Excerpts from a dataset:
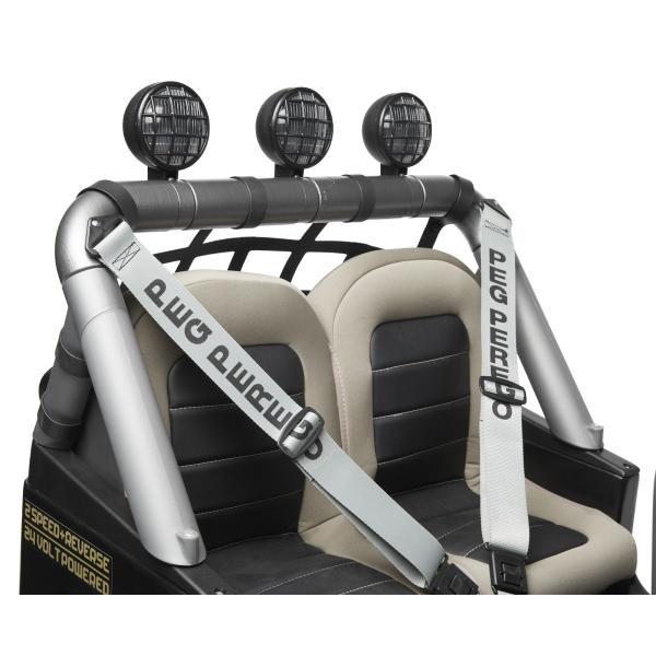 Realistické detaily Nastavitelná zpětná zrcátka skutečně fungují. Kromě toho další složité detaily, jako například zamřížované čelní sklo, přední nárazník a anténa, činí vůz jedinečným. Stejně jako ve skutečném vozidle, pevný nosič řízení zajišťuje, že vaše dítě nikdy nezůstane uvízlé, a zajišťuje přesné a bezpečné řízení. Plynový pedál a brzda jedním pedálem K ovládání vozidla stačí stlačit plynový pedál. Uvolněním pedálu se vozidlo automaticky zastaví. Pohon zadních kol a tlumiče Vysoká kola s tvarovaným dezénem nabízí skvělou trakci pro bezpečné cestování v terénu, dokonce i na štěrku a nerovném terénu, pro dobrodružství bez omezení! Silný pohon zadních kol umožňuje terénnímu vozidlu zdolávat svahy až o 17% a táhnout Adventure Trailer (příslušenství), i když je plně naložen. Tlumiče umožňují hladký a pohodlný výlet i v nejdrsnějším terénu. Nastavitelná sedadla a bezpečnostní pásy Dvě sedadla jsou nezávislá a nastavitelná ve dvou polohách. Podšívka z umělé kůže nabízí větší pohodlí a dva nastavitelné bezpečnostní pásy chrání před nárazy. Maximální přepravní hmotnost: 60 kg. Vzadu ochranná síťovina Síťovina chrání cestující a lze s ní přenášet drobné předměty, jako například pikniková přikrývka nebo batoh.
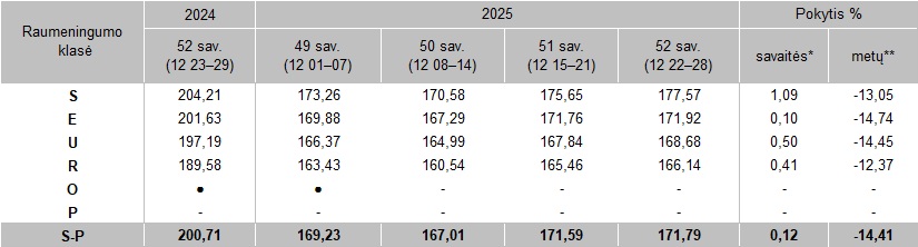 Kiaulių supirkimo kainos Lietuvos įmonėse 2025 m. 49–52 sav., EUR/100 kg skerdenų (be PVM)
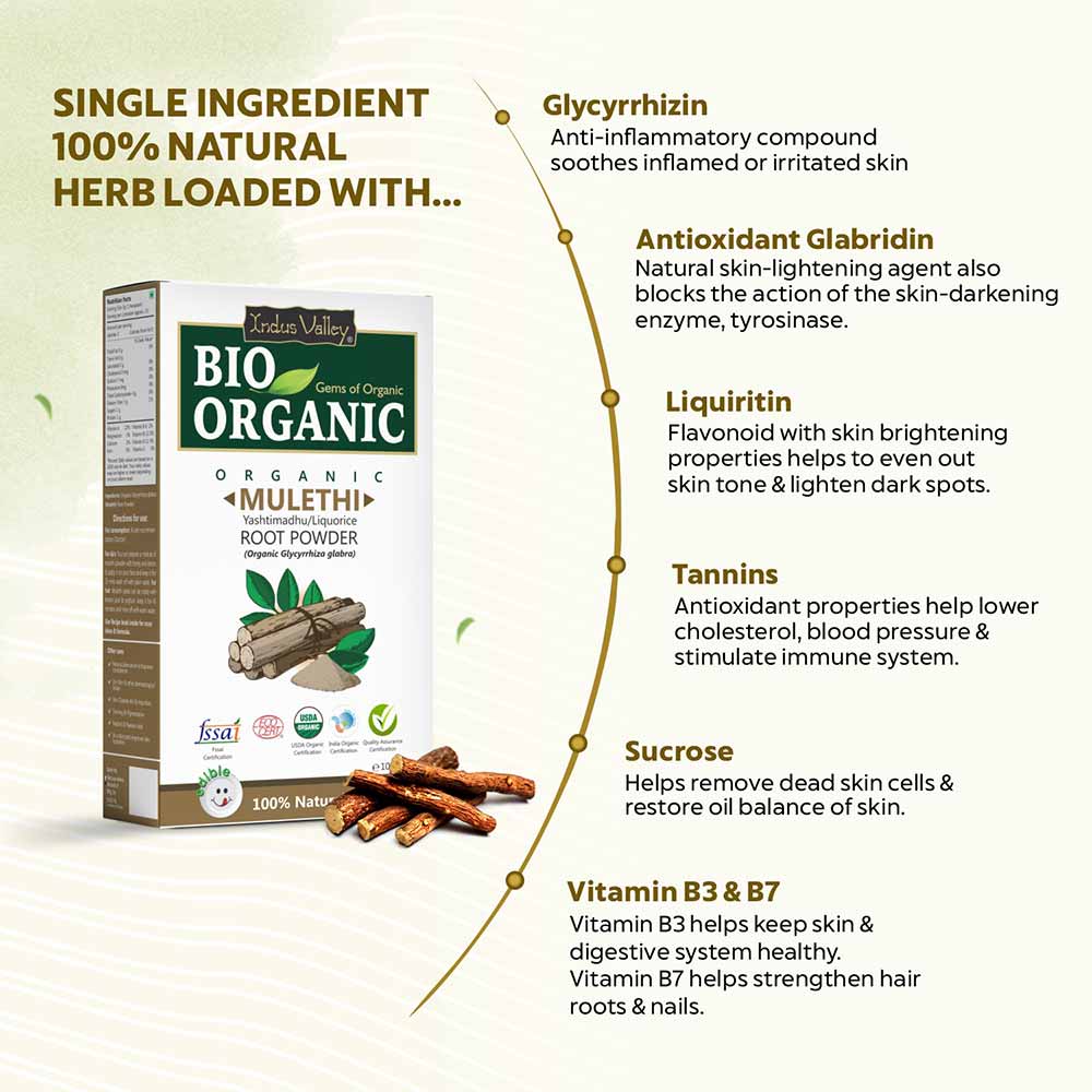 Bio-Organic Mulethi Root Powder is obtained from farm-fresh mulethi (Glycyrrhiza glabra) roots that are organically grown without the use of pesticides or fertilizer residues and handpicked by dedicated farmhands. Also Known as licorice powder or yashtimadhu powder, the roots are shade dried and then crushed to obtain the powder. Most people use licorice powder for their skin. Loaded with antioxidants and nutrients, it is highly beneficial in treating a variety of skin and hair ailments, remedies cough and cold, and also works as a natural immunity booster.
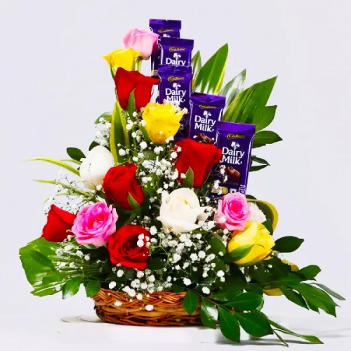 • Flower Type: 14 Mixed Roses Basket Arrangement.
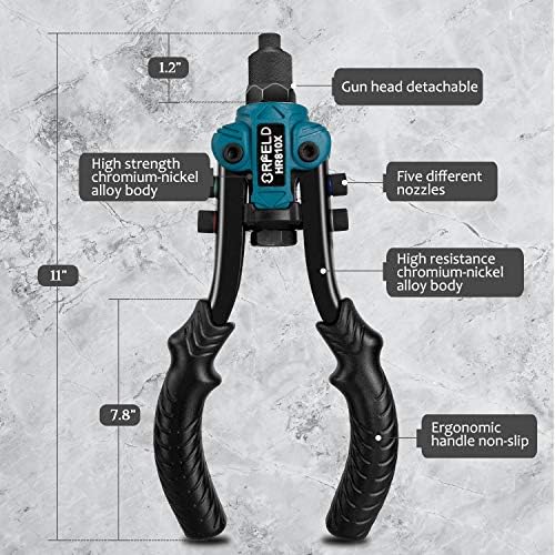 VERSATILE APPLICATION: Professional-grade rivet gun designed for metal work, automotive repairs, gutter installation, and general construction tasks
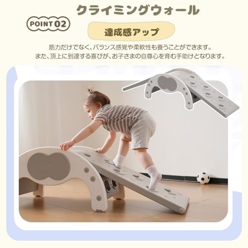【自分の力で登り降りできる設計】お子さまが室内でも身体を動かして楽しめるように開発され、自立心と運動能力の向上をサポートします。集中力を養い、四肢の協調性やバランス感覚を鍛える効果も期待できます。
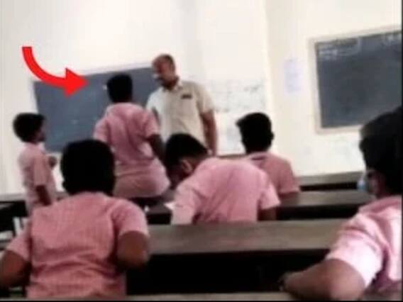 நாமக்கல் மாவட்டம் செல்லப்பம்பட்டியை சேர்ந்தவர் பார்வை மாற்றுத்திறனாளி ஆசிரியர் செல்லப்பன். இவர் புதுச்சத்திரம் அரசு பள்ளியில் வரலாற்று ஆசிரியராக கடந்த 12 வருடங்களாக இந்தப் பள்ளியில் வரலாற்று ஆசிரியராக பணியாற்றி வருகிறார். இந்நிலையில் செப்டம்பர் 30-ம் தேதி மாணவர்களுக்கு வரலாற்று பாடம் நடத்தி வந்தபோது வகுப்பறையில் இருந்த மாணவர்கள் 2 பேர் திரைப்படப் பாடலுக்கு நடனமாடினர். அவரை நடுவிரலை காட்டி கொச்சைப்படுத்தும் விதமாக மாணவர்கள் டிக் டாக் செய்துள்ளனர். இதை வீடியோவில் பதிவு செய்த மாணவர் ஒருவர் வாட்ஸ் அப் குரூப்களிலும் பகிர்ந்திருக்கிறார். இந்த வீடியோ கடந்த நான்கு நாட்களாக வைரலாக பரவி வந்த நிலையில் மாணவர்களின் நடத்தை குறித்து ஆசிரியர் பல முறை தலைமை ஆசிரியர் குனசேகரனிடம் தெரிவித்துள்ளார். ஆனால் இம்முறை மாணவர்களின் ஒழுங்கீன செயல்கள் வீடியோவாக வெளியே வந்துவிட்டதால், இது குறித்து பெற்றோர் ஆசிரியர் கழக உறுப்பினர் கூட்டத்தை கூட்டி தலைமை ஆசிரியர் குனசேகரன் விவாதித்தார்.

Goal of the exercise: Exactly repeat only the lines from the one with "Roses Basket Arrangement." to the closing line above, both included, and omit every picture.

Written solution:
 • Flower Type: 14 Mixed Roses Basket Arrangement.
 VERSATILE APPLICATION: Professional-grade rivet gun designed for metal work, automotive repairs, gutter installation, and general construction tasks
【自分の力で登り降りできる設計】お子さまが室内でも身体を動かして楽しめるように開発され、自立心と運動能力の向上をサポートします。集中力を養い、四肢の協調性やバランス感覚を鍛える効果も期待できます。
 நாமக்கல் மாவட்டம் செல்லப்பம்பட்டியை சேர்ந்தவர் பார்வை மாற்றுத்திறனாளி ஆசிரியர் செல்லப்பன். இவர் புதுச்சத்திரம் அரசு பள்ளியில் வரலாற்று ஆசிரியராக கடந்த 12 வருடங்களாக இந்தப் பள்ளியில் வரலாற்று ஆசிரியராக பணியாற்றி வருகிறார். இந்நிலையில் செப்டம்பர் 30-ம் தேதி மாணவர்களுக்கு வரலாற்று பாடம் நடத்தி வந்தபோது வகுப்பறையில் இருந்த மாணவர்கள் 2 பேர் திரைப்படப் பாடலுக்கு நடனமாடினர். அவரை நடுவிரலை காட்டி கொச்சைப்படுத்தும் விதமாக மாணவர்கள் டிக் டாக் செய்துள்ளனர். இதை வீடியோவில் பதிவு செய்த மாணவர் ஒருவர் வாட்ஸ் அப் குரூப்களிலும் பகிர்ந்திருக்கிறார். இந்த வீடியோ கடந்த நான்கு நாட்களாக வைரலாக பரவி வந்த நிலையில் மாணவர்களின் நடத்தை குறித்து ஆசிரியர் பல முறை தலைமை ஆசிரியர் குனசேகரனிடம் தெரிவித்துள்ளார். ஆனால் இம்முறை மாணவர்களின் ஒழுங்கீன செயல்கள் வீடியோவாக வெளியே வந்துவிட்டதால், இது குறித்து பெற்றோர் ஆசிரியர் கழக உறுப்பினர் கூட்டத்தை கூட்டி தலைமை ஆசிரியர் குனசேகரன் விவாதித்தார்.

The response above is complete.